Camp Girls by Iris Krasnow
Author:Iris Krasnow
Language: eng
Format: epub
Publisher: Grand Central Publishing
Published: 2020-04-06T16:00:00+00:00
Chapter Four
Versatility
“As much as I loved hypersonic volleyball and tennis matches, some of my happiest memories are from when we were just lying on our beds and talking.”
I am kayaking on the Severn River, which fronts the home where we have lived for going on thirty years. It is a sixty-two-degree April day, and I am drifting through the water, lying back in the seat, and drinking in the sun. I suddenly hear the words “You’re lily-dipping!”

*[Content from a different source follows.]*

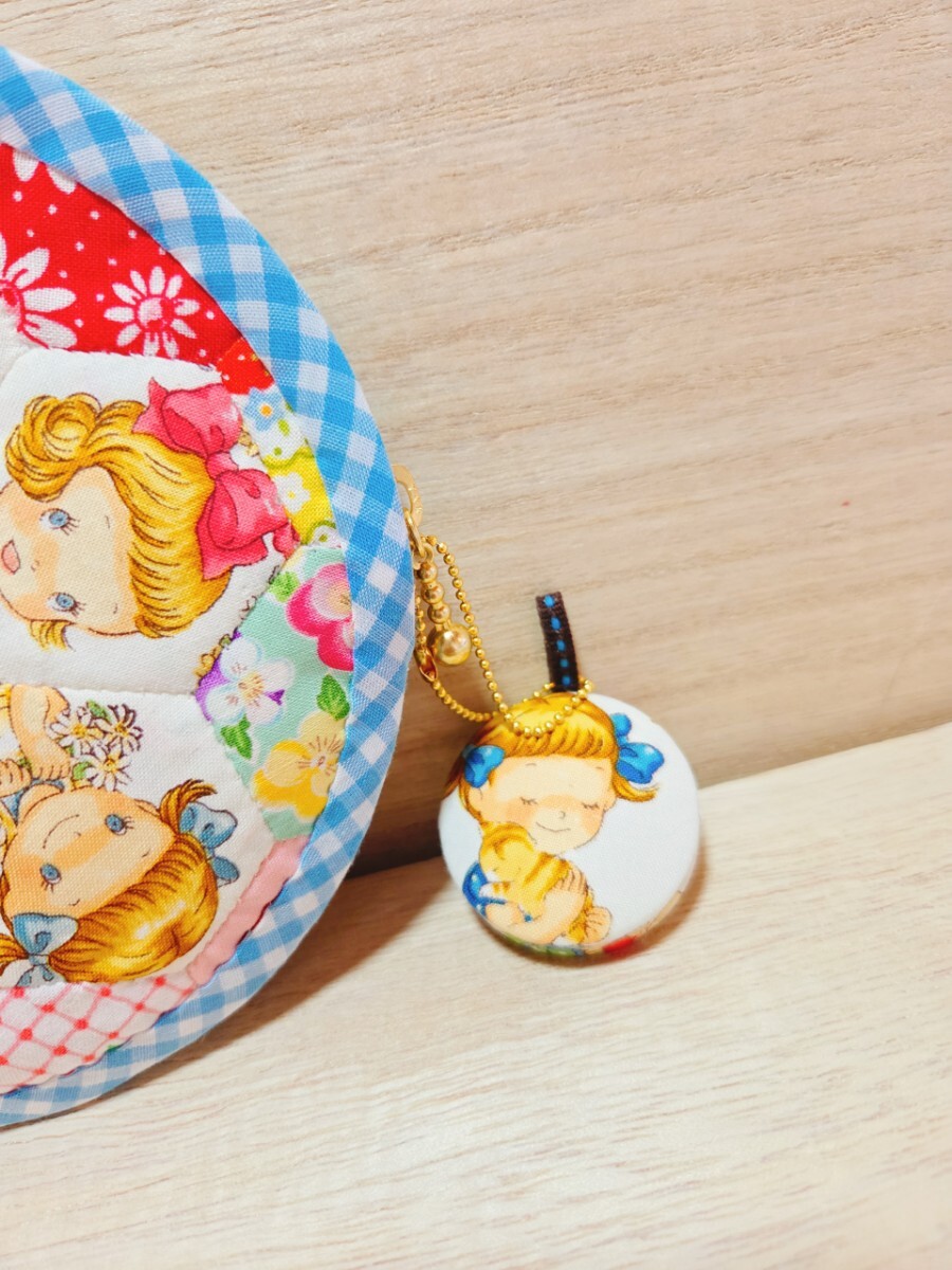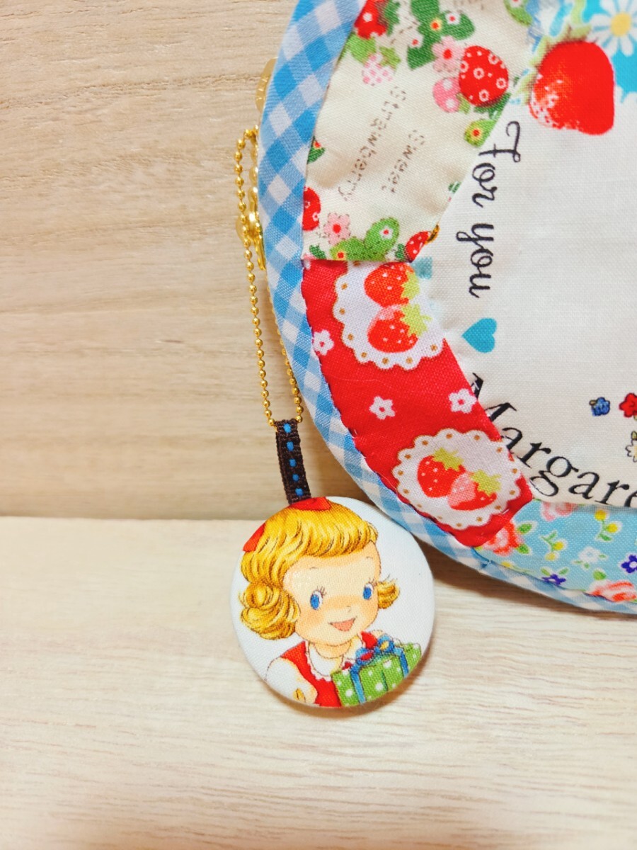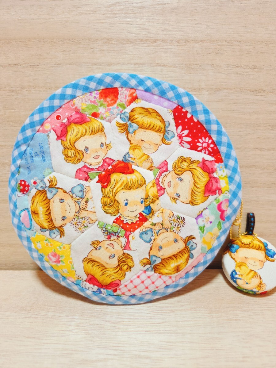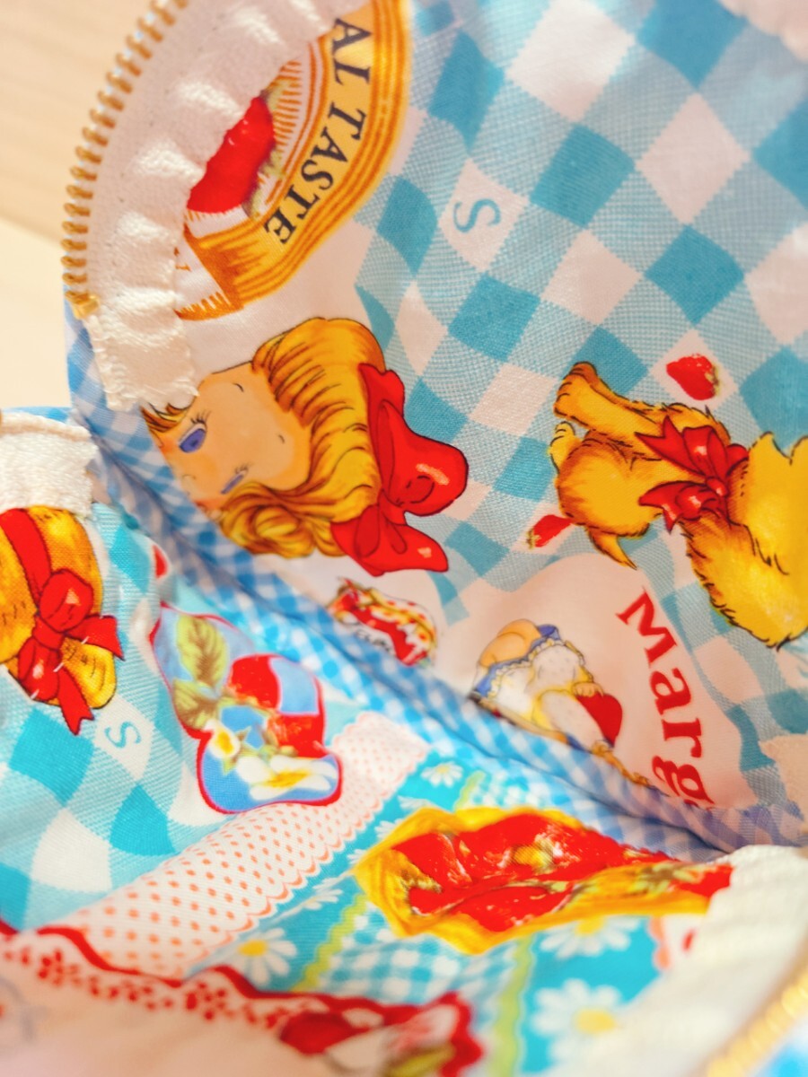 片面は、可愛いマーガレットソフィちゃんの生地で、ヘキサゴンパーツを作り、パッチワークしてポーチをお作りしました。もう片面は、可愛いソフィちゃんです。

No one is talking. It is my memory rising in a haunting chorus of the dozens of co-paddlers who have joined me in kayaks and canoes in team competitions and on camping trips. It’s a phrase Agawak girls used to say, which means “You need to pull deeper, harder, faster!” and it comes from the image of only skimming Blue Lake’s surface, where water lilies float like billowy angels.
Suddenly, as if the deciding points in the Blue-White Senior Swim Meet rest on me winning the kayak race, I bolt up straight, and go from a saunter to a sprint, in sync with an imaginary rapid-fire bark: “Stroke up, stroke up, stroke up!”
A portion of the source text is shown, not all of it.